We don't follow fashion
That would be a joke
You know we're going to set them, set them
So everyone can take note, take note -- Adam Ant and Marco Pirroni

In his book Knowledge and Coordination, Daniel Klein distinguishes between mutual coordination and concatenate coordination. Mutual coordination is coordination which people intend: you and I plan to meet for lunch, or several con artists devise a scheme to defraud an elderly widow of her fortune. Concatenate coordination is coordination that is pleasing to an observer: one of Klein's examples is a room designed with a harmonious combination of colors, shapes, and so on. It is important to note that successful mutual coordination does not imply concatenate coordination. If the con artists pull off their scheme to defraud the widow, they will have achieved mutual coordinaiton that is not concatenate coordination. (I really cannot do this schema full justice here; I am just introducing it to make sense of the rest of this post, and you really must read the book to fully grasp it.)

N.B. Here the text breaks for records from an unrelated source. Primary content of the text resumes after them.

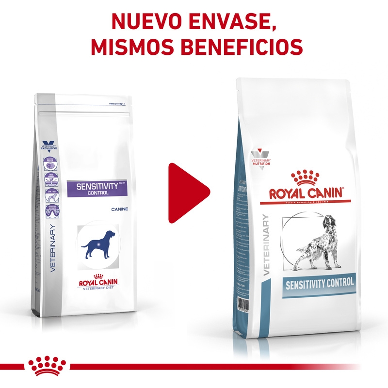 El pienso Royal Canin Sensitivity Control para perros se vende en bolsas de 1,5kg, 7kg y 14kg. Este alimento de la gama Veterinary Diets está indicado para perros con intolerancias a ingredientes o nutrientes. Es una dieta compuesta de proteínas e hidratos de carbono seleccionados para reducir posibilidades de alergias alimentarias con signos dermatológicos y/o digestivos.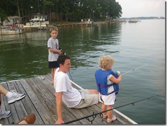 Check out this huge fish Lily caught. Actually Austin caught, but being the sweet cousin that he is, he threw it back in and let her reel it in. Look how sweet he is helping her.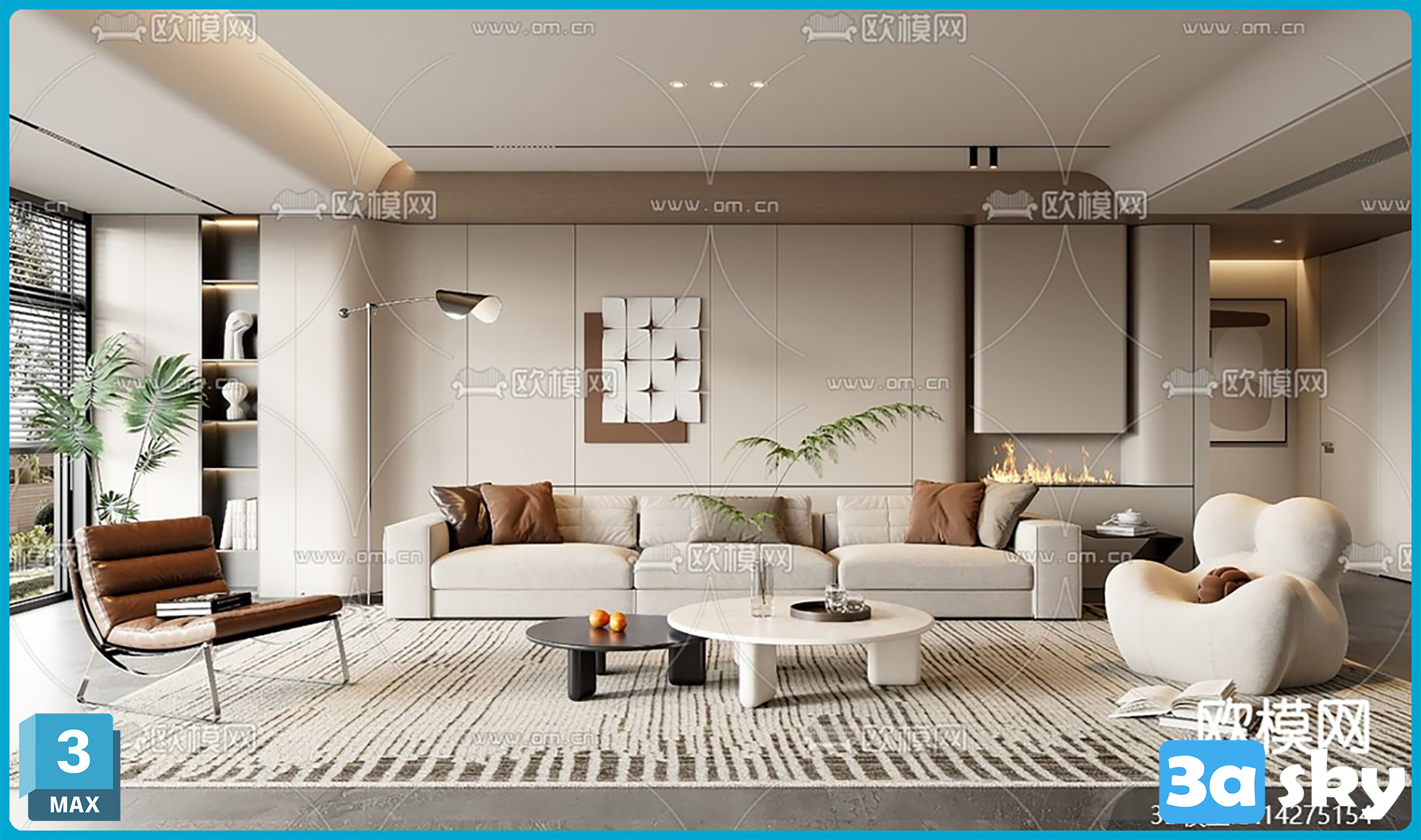 This 3D scene showcases a modern living room interior design with contemporary furniture and a stylish layout. The room features a comfortable sofa, elegant coffee table, and chic decor elements. The color scheme is neutral with pops of color for a vibrant touch. Experience the beauty of modern interior design in this captivating 3D scene.

Let us analyze fads using Klein's terms. We will posit a population consisting of two types of people: T, the group of people who are trend-setters, and F, the group of people who are followers. In a fad, first the population of T mutually coordinates around some fashion or other cultural element, φ. What they wish is to identify themselves as members of T by adopting φ while other members of T but only other members of T do so. That situation, to them, represents a pleasing concatenate coordination. (Note: they are not Klein's ideal, impartial observers!)

The next thing that happens is, that as φ becomes widespread amongst T, the members of F begin to notice it doing so. What is a pleasing concatenate coordination to them is that they adopt φ given that everyone else, both members of T and members of F, does so or will soon do so.

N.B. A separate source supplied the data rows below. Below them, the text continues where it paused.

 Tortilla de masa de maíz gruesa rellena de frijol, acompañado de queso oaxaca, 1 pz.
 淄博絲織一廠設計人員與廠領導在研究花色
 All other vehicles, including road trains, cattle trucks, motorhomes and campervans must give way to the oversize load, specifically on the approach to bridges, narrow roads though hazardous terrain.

But what is a pleasing concatenate coordination to members of F is very displeasing to members of T: if the "rubes" have adopted φ, then it is no longer hip. As φ diffuses through F, the members of T begin to seek for some new "cutting edge" fashion to adopt. When they do so, we are back at the start of the cycle above.

This analysis is, of course, highly simplified: We really have an entire spectrum of people from extreme trend-setters who are happy to, say, wear something no one else at all wears, to followers so sluggardly that they are barely now adopting fashions from a decade ago. But I don't think this simplification harms our analysis much. In any case, we have here a paradigmatic example of a social cycle: The widespread adoption of the fashion generates the actions that will lead to its abandonment. The cyclical movement is endogenous to the phenomenon itself.

And fads tie in to ideas developed earlier about disruptions and adjustments as factors in the social cycle: The members of F adopt φ in an effort to adjust to the disruption the adoption of φ by the members of T created in their plans: the members of F found themselves no longer wearing (or saying, or listening to, etc.) the "in thing." In an effort to adjust to this disruption, they adopted φ. But that adoption was itself a disruption for the members of T, since they now found themselves no longer on the cutting edge. And so they adjust by embracing a new fad.

As to what Klein's hypothetical impartial observer, Joy, would see as concatenate coordination in this situation, well, I imagine she would say, "Can't you all just settle on togas or something else plain and simple, and cut this nonsense out?"